▶ [WHAT IS EXPECTED] Extract the run of lines that starts at the top of the records below and ends at the line with "Les présidents Félix", keeping both ends and excluding pictures.

(Dataset records)
* * * * *
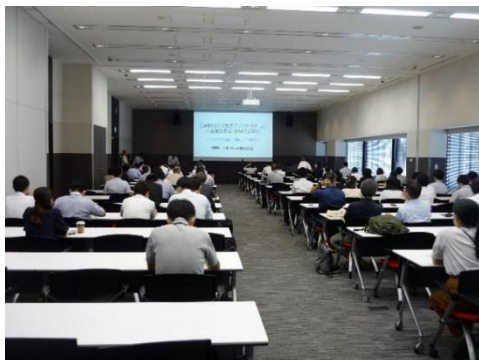
プレゼンテーション会場

【参加者数】 1586名（〔内訳〕会場参加321名、オンライン参加延べ1265名）
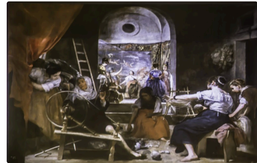
Les Fileuses de Velasquez
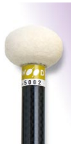
PRO-5002 ¥10,500 φ 32.5 × 395 硬質フェルト芯
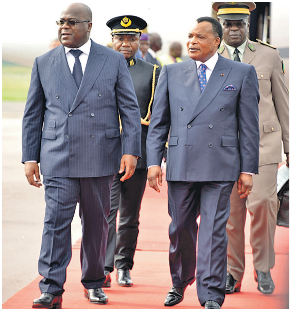
Les présidents Félix Tshisekedi et Denis Sassou N'Guesso, le 7 février à Maya-Maya

Les ressortissants de la RDC vivant à Brazzaville étaient venus en masse rendre hommage à celui qui, les cinq prochaines années, va conduire les destinées de leur pays.
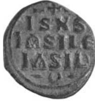
Resim 21. Kat.no.: 425, D Sınıfı
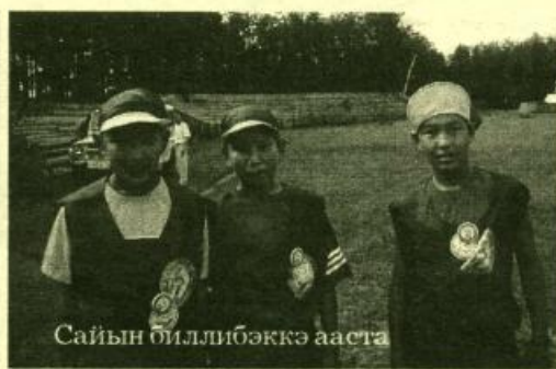
Сайын биллибөккө ааста
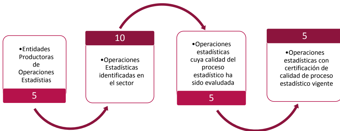
Gráfico 1. Principales características de la producción estadística del sector de Industria Manufacturera
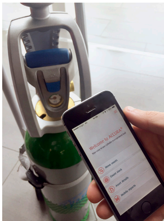
Aplikacja na smartfony umożliwia odczytywanie przy pomocy aparatu fotograficznego kodów kreskowych umieszczonych na butlach, a także automatyczną aktualizację danych systemu na wszystkich urządzeniach.
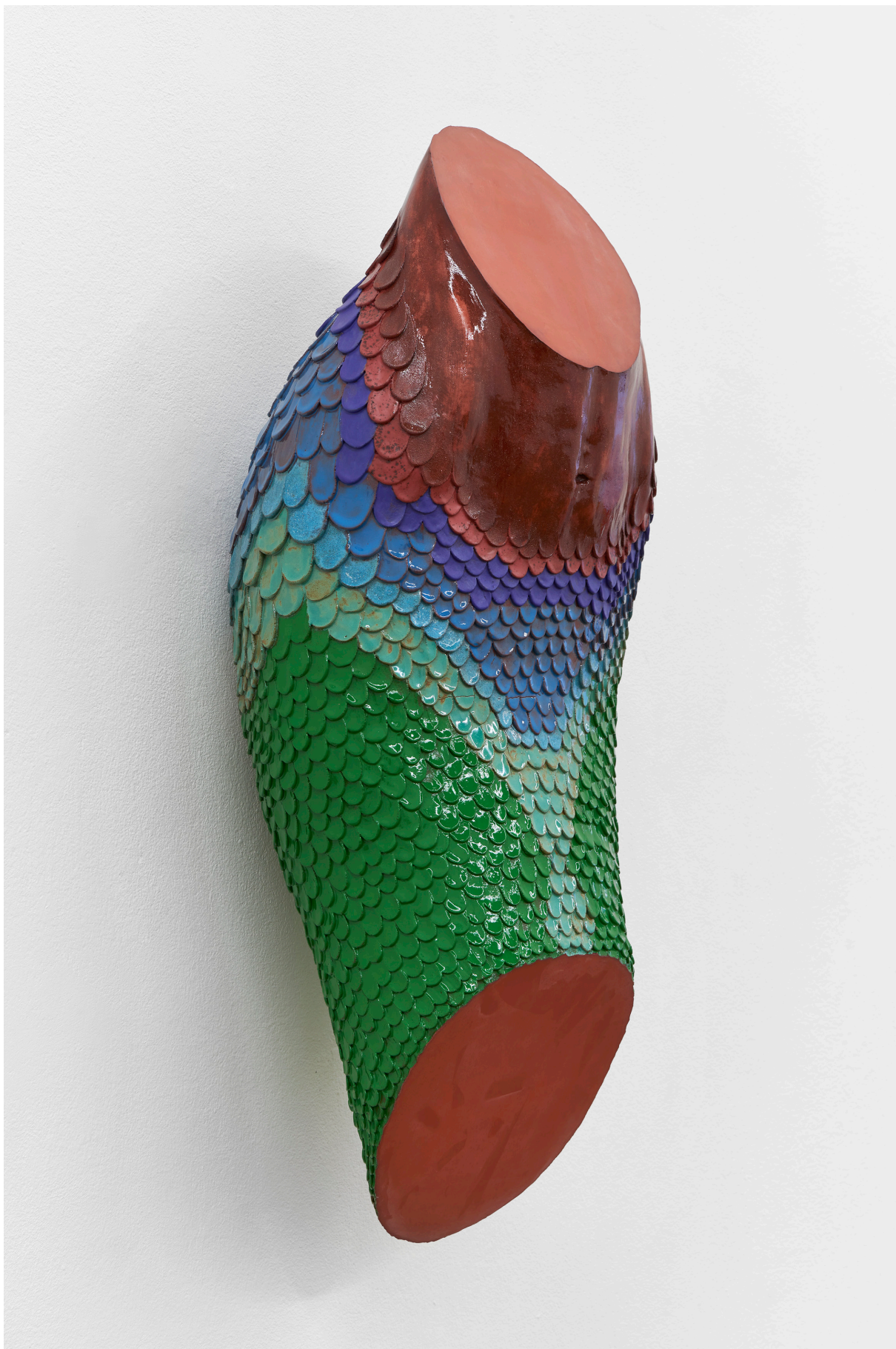
Installationsansicht, Pedro Wirz, Environmental Hangover , Kunsthalle Basel, 2022, Blick auf Bicho Abstrato (Iara) , 2022. Installation view, Pedro Wirz, Environmental Hangover , Kunsthalle Basel, 2022, view on Bicho Abstrato (Iara) , 2022.
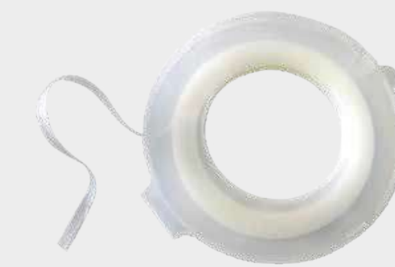
3M™ Jemná přechodová páska

Poznámka: Při maskování se vyvarujte vzniku ostrých okrajů. Ty způsobují viditelnost přechodu z důvodu koncentrace rozpouštědel na okrajích pásky.
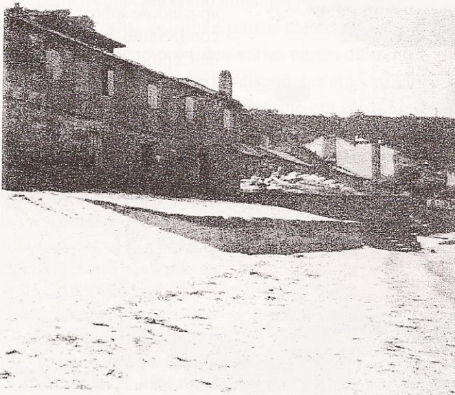
A la izquierda y señalizada está ya terminado, el inmueble en cuya cimentación se identificó el horno y escombrera de ánforas GALAICO-ROMANAS, del que damos noticia aquí. En primer término, típico patin de tradición marinera con su correspondiente escalerilla. El da acceso a ruinoso nave salazonera de principios de siglo (?), que se conoce con el significativo y precedente nombre de A Capela.
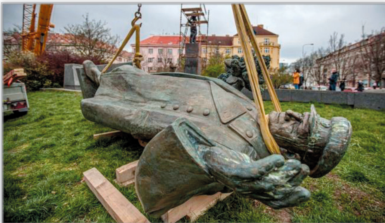
Сброшенный с пьедестала памятник И. С. Коневу

возможность интеллектуальной работы изгнанникам из революционной России. Стране, где в 1968 г. была Пражская весна, когда советские интеллигенты шутили, играя русскими языковыми ассоциациями с фамилиями чехословацких политиков: «Слыхали новость? Когда Новотный дал Дубчека, в Чехословакии настала свобода, но Советы сделали ей Билак, закрутили Гаек, и жизнь в стране превратилась в Черник». А когда Советский Союз ввел в Прагу танки, все повторяли строчки Евтушенко: «Танки идут по Праге, // Танки идут по правде».
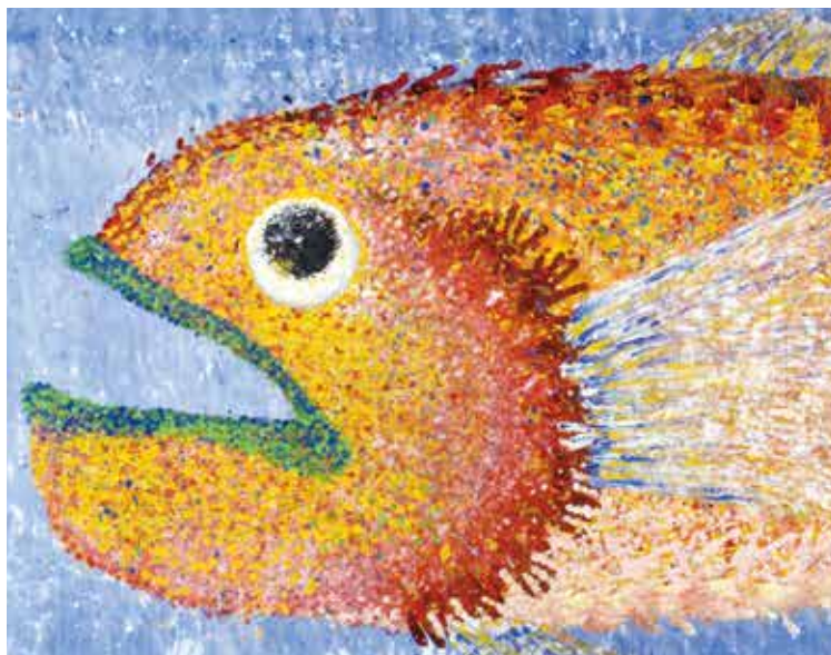
令和元年度 広島県知事賞 「虹の海の主」 あんずの家
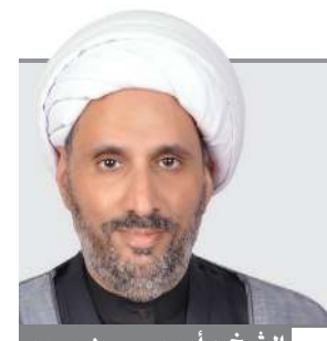
الشيخ د.أحمد حسين محمد
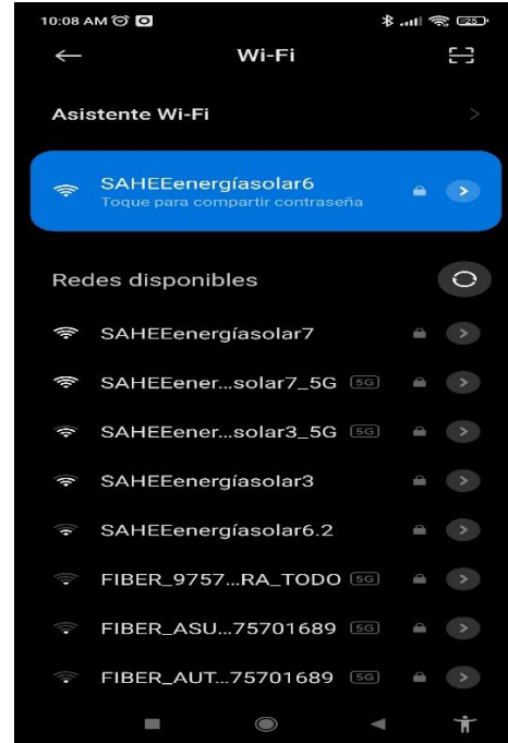
Captura de pantalla de celular de beneficiaria conectada al Wifi del proyecto
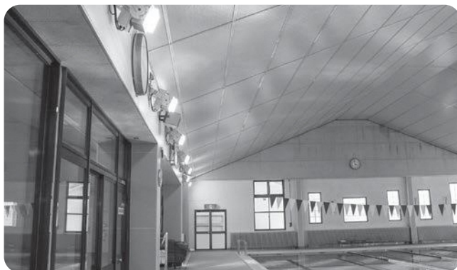
中学校体育館・町民水泳プールLED化 2,912万8,000円
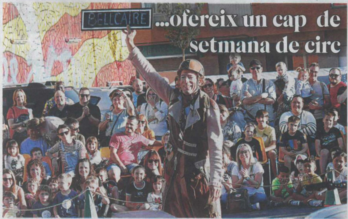
Un dels espectacles que es va gaudir a Bellcaire d'Urgell _P.17

El Vila-sana, fora de la final de la Copa pels penals _P.24
* * * * *
▶ [SOLUTION FOR THIS PROBLEM]
プレゼンテーション会場

【参加者数】 1586名（〔内訳〕会場参加321名、オンライン参加延べ1265名）
Les Fileuses de Velasquez
PRO-5002 ¥10,500 φ 32.5 × 395 硬質フェルト芯
Les présidents Félix Tshisekedi et Denis Sassou N'Guesso, le 7 février à Maya-Maya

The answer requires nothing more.